Based on the above, various query logic designs were created, including source class logic design, object deletion logic design class, search logic design, insertion logic design, deletion class logic design, proxy class logic design, attribute modification logic design, and cross-class search logic design.

In the specific implementation, the compilation part extends the JSqlParser[5] implementation based on javacc. Java CompilerCompiler (JavaCC) is a tool for generating lexical analyzers and syntax analyzers. It uses a grammar similar to BNF, inputs the language definition, and generates Java code for performing lexical analysis and syntax analysis. JavaCC makes it easy to generate language analyzers and supports various language features such as automatic generation of state machines, syntax-directed translation, lexical priority and syntax priority. In addition, JavaCC also provides advanced features such as lexical rule highlighting and syntax error reporting. Since it generates Java code, the language analyzer generated by JavaCC is cross-platform, efficient and maintainable.

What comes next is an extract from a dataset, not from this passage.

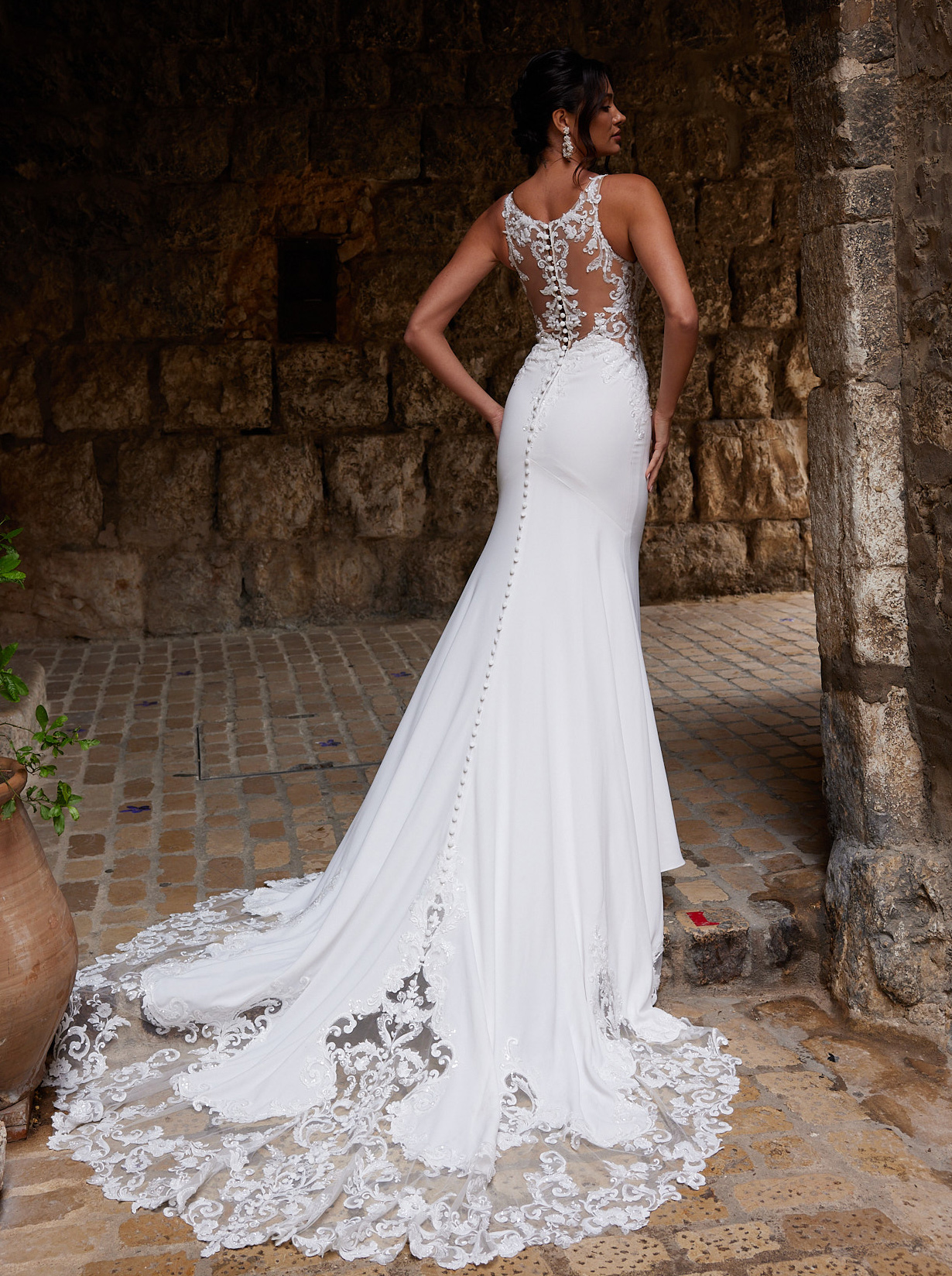 Dieser wunderschön verzierte Meerjungfrauenstil, mit einem floralen Spitzenoberteil, rundem Ausschnitt und ärmellosem Design, wird Sie sprachlos machen. Der Rücken, bedeckt mit Spitze und einer Reihe kleiner Knöpfe, geht in den Chiffonrock über und setzt sich über die atemberaubende, spitzenverzierte Schleppe fort, sodass Ihre Gäste beim Gang zum Altar vor Bewunderung staunen werden.

JSqlParser is a Java library that can parse SQL statements and convert them into a representation that is easy for the program to handle. It can parse SQL statements from strings or files and supports a variety of SQL commands and clauses, including SELECT, INSERT, UPDATE, DELETE, and CREATE statements. The parsed SQL statements are represented using a tree structure that can be easily traversed and modified by the program. JSqlParser is designed to be lightweight and easy to use, without any external dependencies. It can be used to build a variety of applications, including SQL query builders, database migration tools, and SQL query analysis and optimization tools, so that we implement various processes through specific code.

It should be noted that the WAL (Write-Ahead Logging) mechanism of log management in the mobile database (TMDB) is to ensure that a consistent state can be restored in the event of a crash. The crash recovery process uses the WAL log to re-execute (redo) transactions that were not completed before the crash.

First, the log must complete the initialization of the new log file and the new index b-tree file, delete the old files in the log directory, persist the log to the disk given the parameters key, op, and value, and load and display all log records in the current log file. These functions are all implemented in the file LogManager.java.

Then start writing logs. Before data is written to Memtable, records need to be written to logs and persisted to disk according to WAL.

Create a LogTableItem object using the LogTableItem(int logid, Byte op, String key, String value) constructor, where logid is set to the current currentId and the other parameters come from the input of the WriteLog method. Set the offset of the LogTableItem to currentOffset and increment the currentId.

Call the writeLogItemToSSTable(LogTableItem log) method to write the log records to the file.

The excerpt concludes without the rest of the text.